135 Misc. 594 | N.Y. Sup. Ct. | 1929
The defendant moves to dismiss the complaint upon the ground that the action was not timely instituted. The suit is brought by plaintiff, a life insurance company, against the beneficiary named in two policies issued by it to cancel and rescind the same by reason of alleged misrepresentations made by the assured. The policies bear the date July 29, 1927, and the assured died on January 4, 1928. Each policy contained a provision that " this policy shall be incontestable after two years from its date of issue except for non-payment of premium.” The summons was not served on the defendant until September 18, 1929, but on July 27, 1929, a copy thereof was delivered to the sheriff of New York county.
The question presented is whether the plaintiff is entitled to the benefits of section 17 of the Civil Practice Act, which provides that an attempt to commence an action is equivalent to the actual commencement “ within the meaning of each provision of this act which limits the time for commencing an action, when the summons is delivered, with the intent that it shall be actually served, to the sheriff * * * of the county, in which that defendant * * * resides or last resided,” provided that such delivery of the summons be followed within sixty days after the expiration of the time limited for the commencement of the action by service of the summons upon the defendant.
The defendant argues that the provisions of section 17 of the Civil Practice Act do not apply to limitations created by private contract as distinguished from those prescribed by law.
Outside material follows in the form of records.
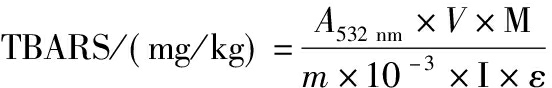 式中:V,样品体积,10 mL;M,TBARS的摩尔质量,144.15 g/mol;m,样品质量,g;ε,摩尔消光系数,152 000 L/(mol·cm);I,光程,1 cm。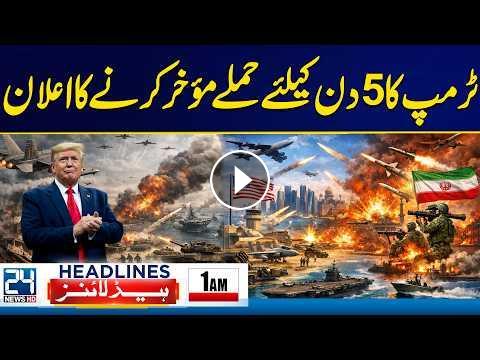 US - Israel Iran War - Trump Delays Strikes on Iran’s Power Plants for 5 Days - 1am News Headlines - 24 News HD24 News HD Is One Of The Leading News Channels Of Pakistan Bringing You The Latest Current Affairs From Pakistan And Around The World. Live National Assembly ,Senate Session And Current Affairs.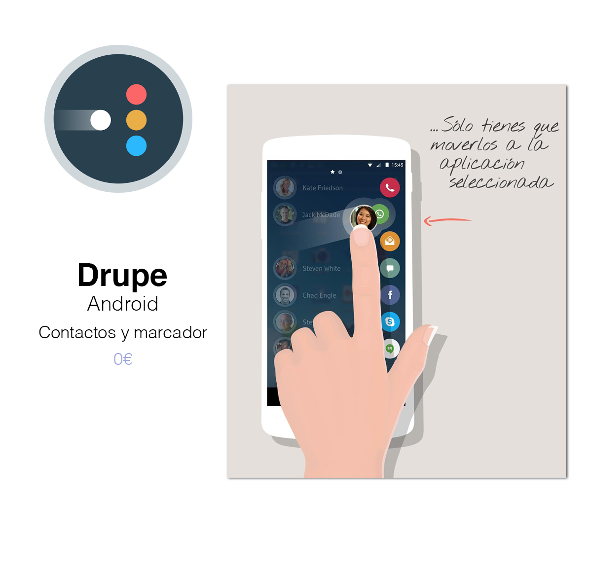 Drupe. Reune tus aplicaciones de contactos y comunicaciones en un mismo lugar accesible desde todas tus pantallas. ¿Quieres contactar con un amigo? ¿Lllamar o sólo enviar un mensaje de texto a alguien? ¡Sólo tienes que arrastrar el contacto a la aplicación que elijas para ponerte en contacto!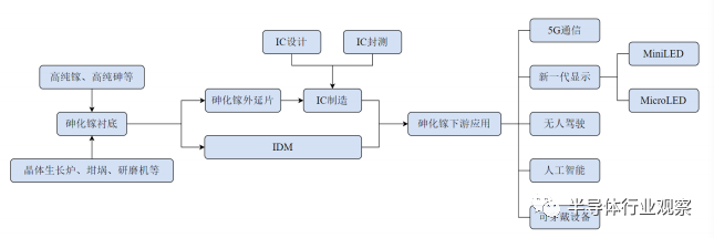 砷化镓产业链上游为砷化镓晶体生长、衬底和外延片生产加工环节。衬底是外延层半导体材料生长的基础,在芯片中起到承载和固定的关键作用。生产砷化镓衬底的原材料包括金属镓、砷等,由于自然界不存在天然的砷化镓单晶,需要通过人工合成制备;砷化镓衬底生产设备主要涉及晶体生长炉、研磨机、抛光机、切割机、检测与测试设备等。砷化镓产业链下游应用主要涉及5G通信、新一代显示(Mini LED、Micro LED)、无人驾驶、人工智能、可穿戴设备等多个领域。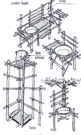 También para campamentos largos se puede hacer una ducha, como la del dibujo,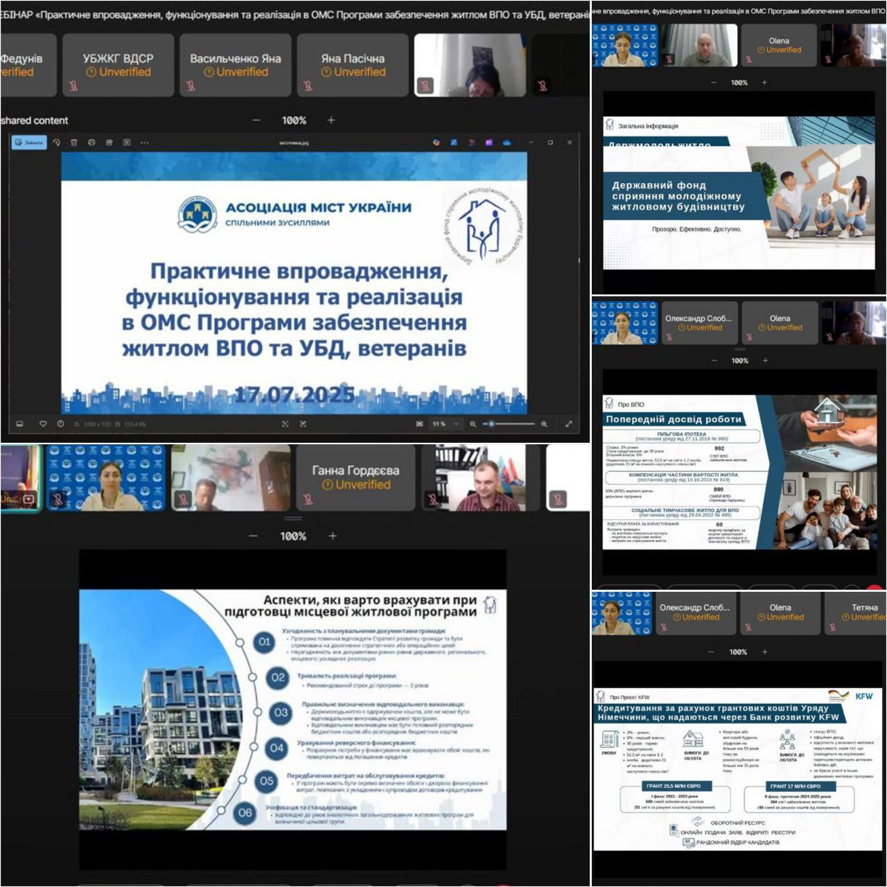 Під час вебінару учасники ознайомилися з ключовими положеннями чинного законодавства щодо реалізації державних житлових програм на місцях, зокрема тих, що стосуються внутрішньо переміщених осіб, ветеранів та учасників бойових дій.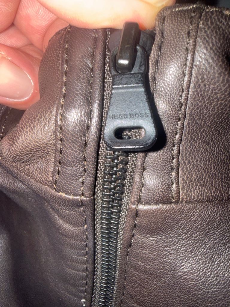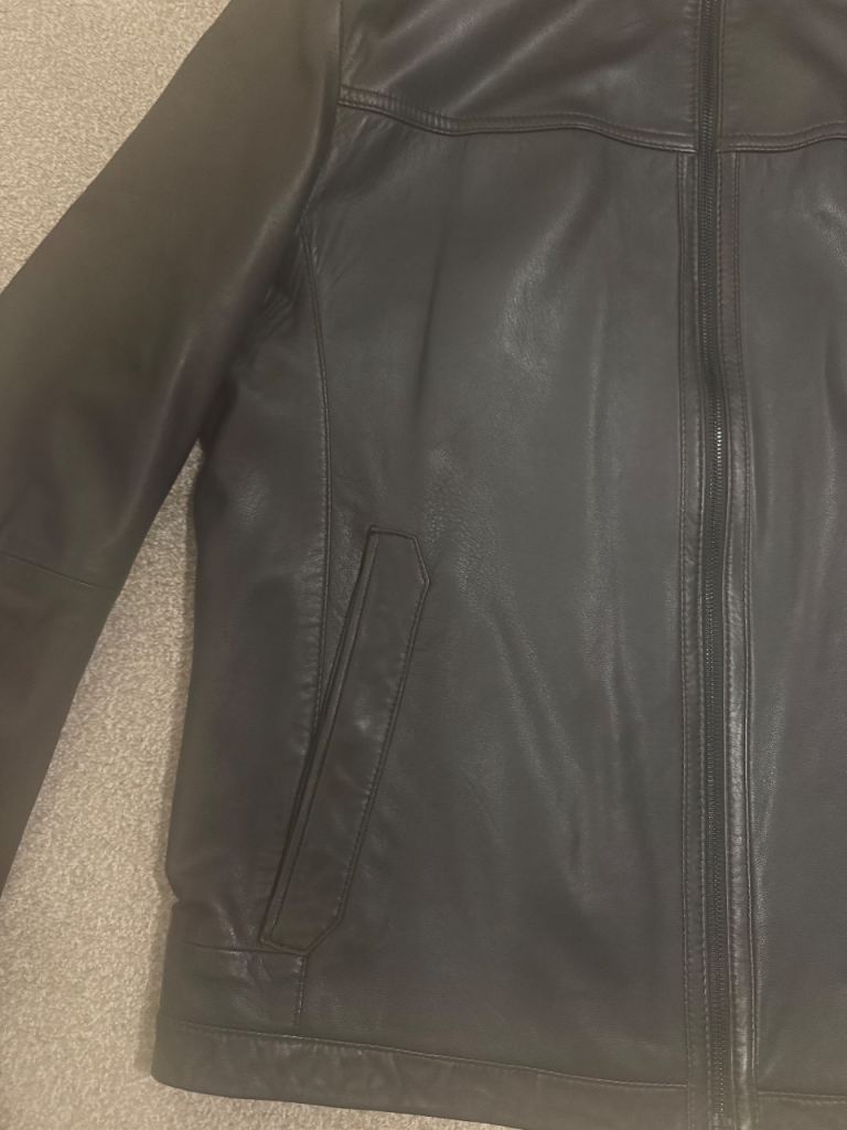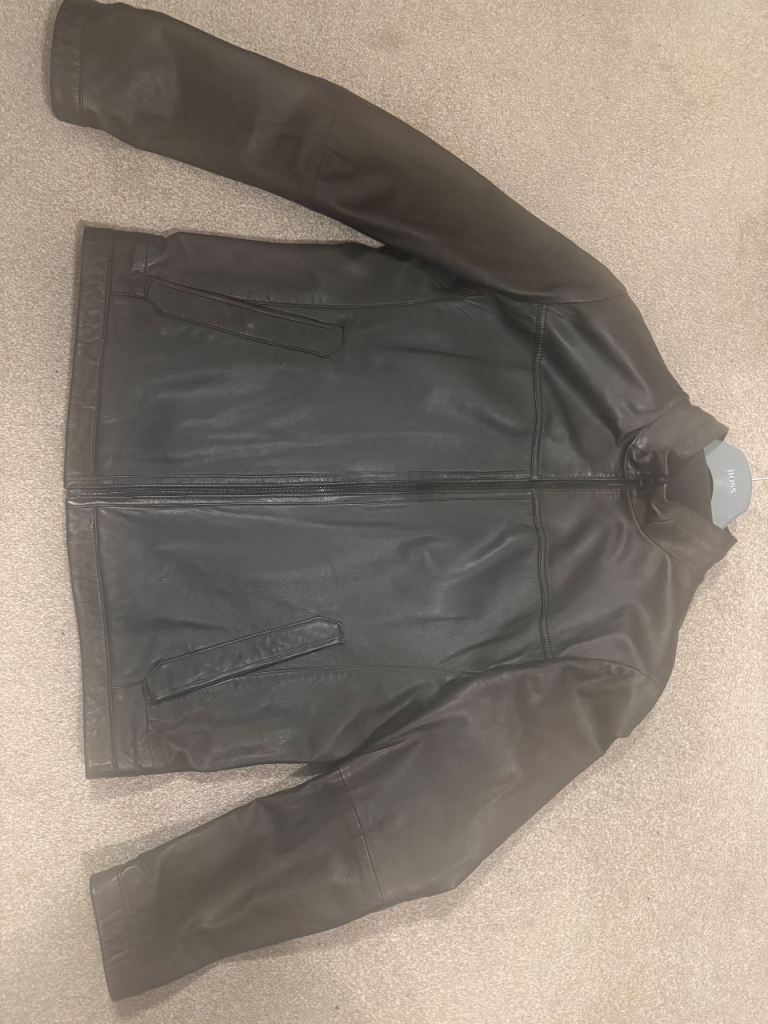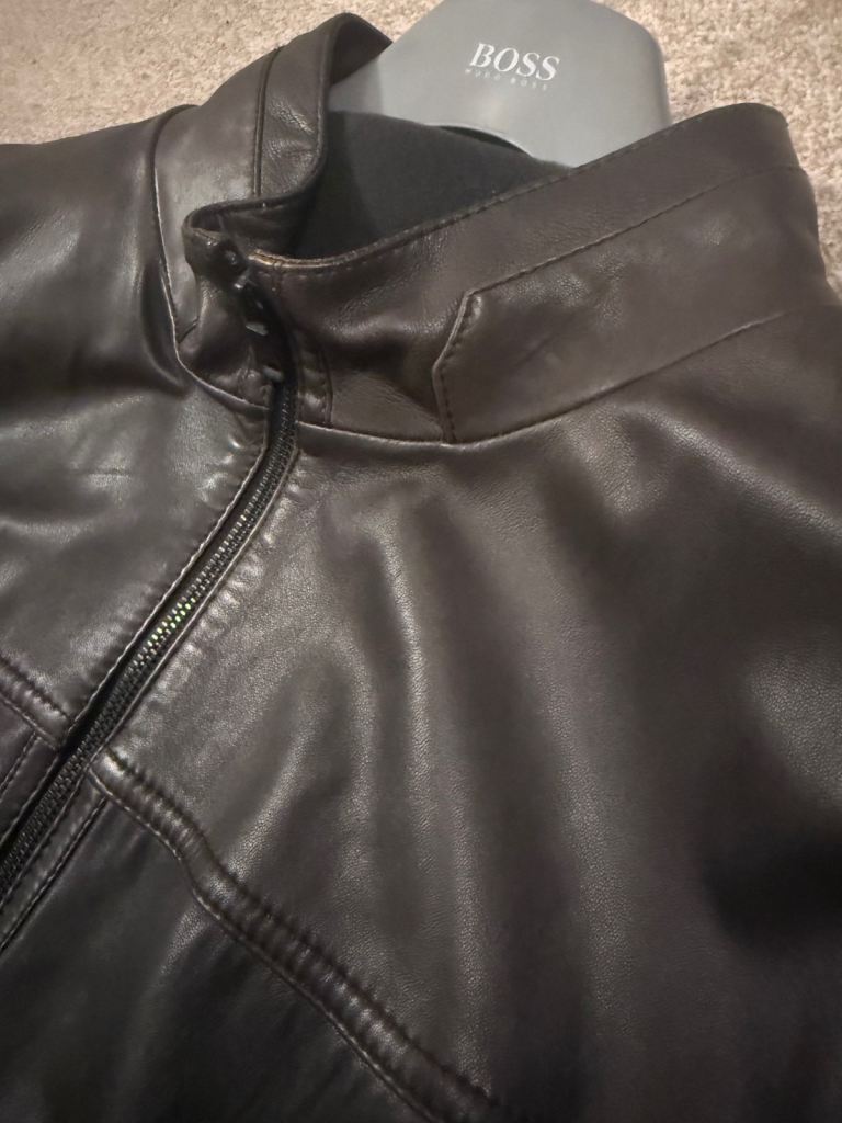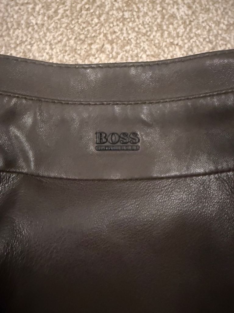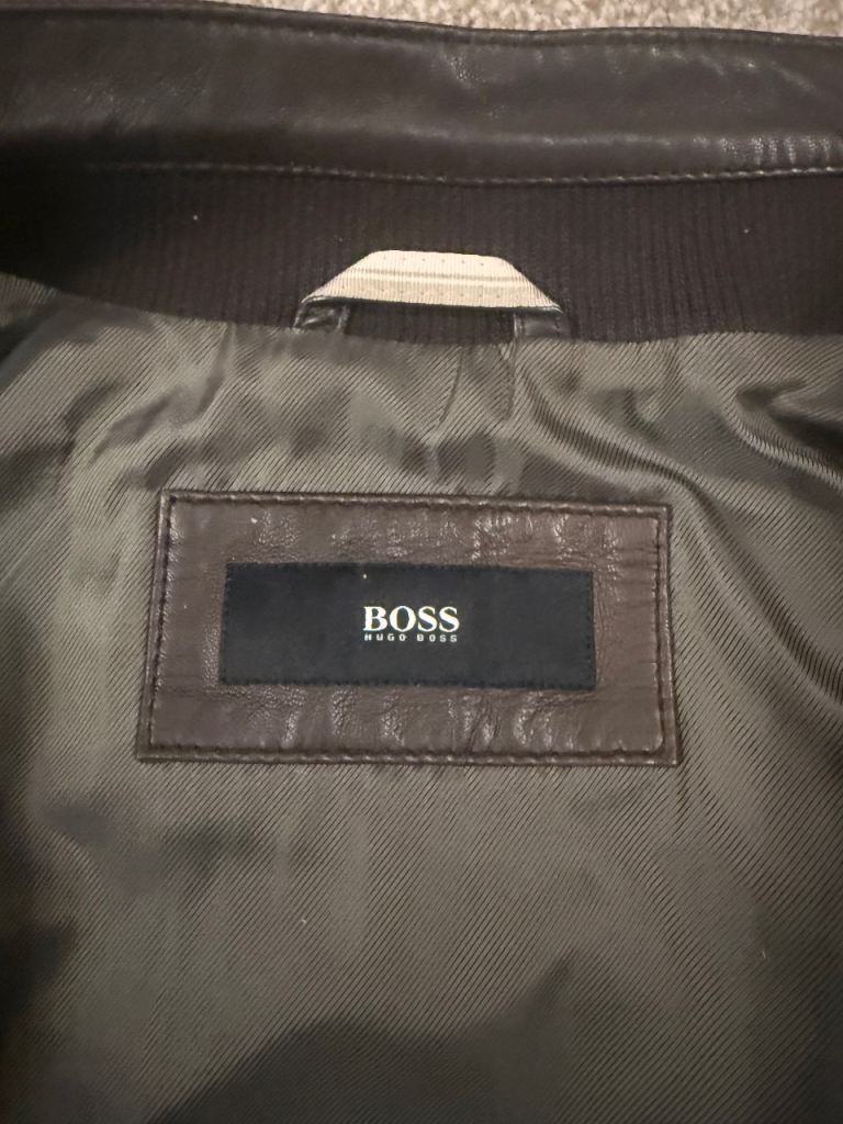 Hugo Boss mens brown leather jacket size46

In support of this contention, reference is made to the language of section 10 of the Civil Practice Act to the effect that the provisions of article 2 of the act —■ dealing with “ Limitations of Time ”— constitute "the only rules of limitation applicable to a civil action or special proceeding ” except where a different limitation is specially prescribed by law “ or a shorter limitation is prescribed by the written contract of the parties.” It is definitely settled, however, that section 10 does not exclude contracts fixing special limitations from the scope of the general provisions of article 2, relating to such matters as attempts to commence actions and suspension of the Statute of Limitations during periods of disability. In Hamilton v. Royal Ins. Co. (156 N. Y. 327) the court held that section 399 of the Code of Civil Procedure — the predecessor of section 17 of the Civil Practice Act — was applicable in the case of limitations fixed by private contracts as well as where the limitations were statutory. The court discussed the provisions of section 414 of the Code of Civil Procedure — the predecessor of section 10 of the Civil Practice Act — and declared that they were not intended
Nor is the basis of the decision in the Hamilton case the fact that the period of limitation contained in the policy there involved had been inserted in obedience to statute. The court’s opinion, at pages 333 to 336, indicates that it took the view that the provisions of the predecessor of section 17 of the Civil Practice Act applied equally to cases where the limitation was fixed by statute and those where it was the result of a private contract. Subsequent authorities have cited the Hamilton case for the proposition that no distinction is to be drawn in applying the general provisions regarding attempts to commence actions, suspension of the Statute of Limitations during periods of disability, etc., between limitations created by statute and those imposed by private contract. (Comey v. United Surety Co., 217 N. Y. 268, 272, 273; Matter of Selwyn Realty Corporation, 184 App. Div. 355; affd., 224 N. Y. 559.)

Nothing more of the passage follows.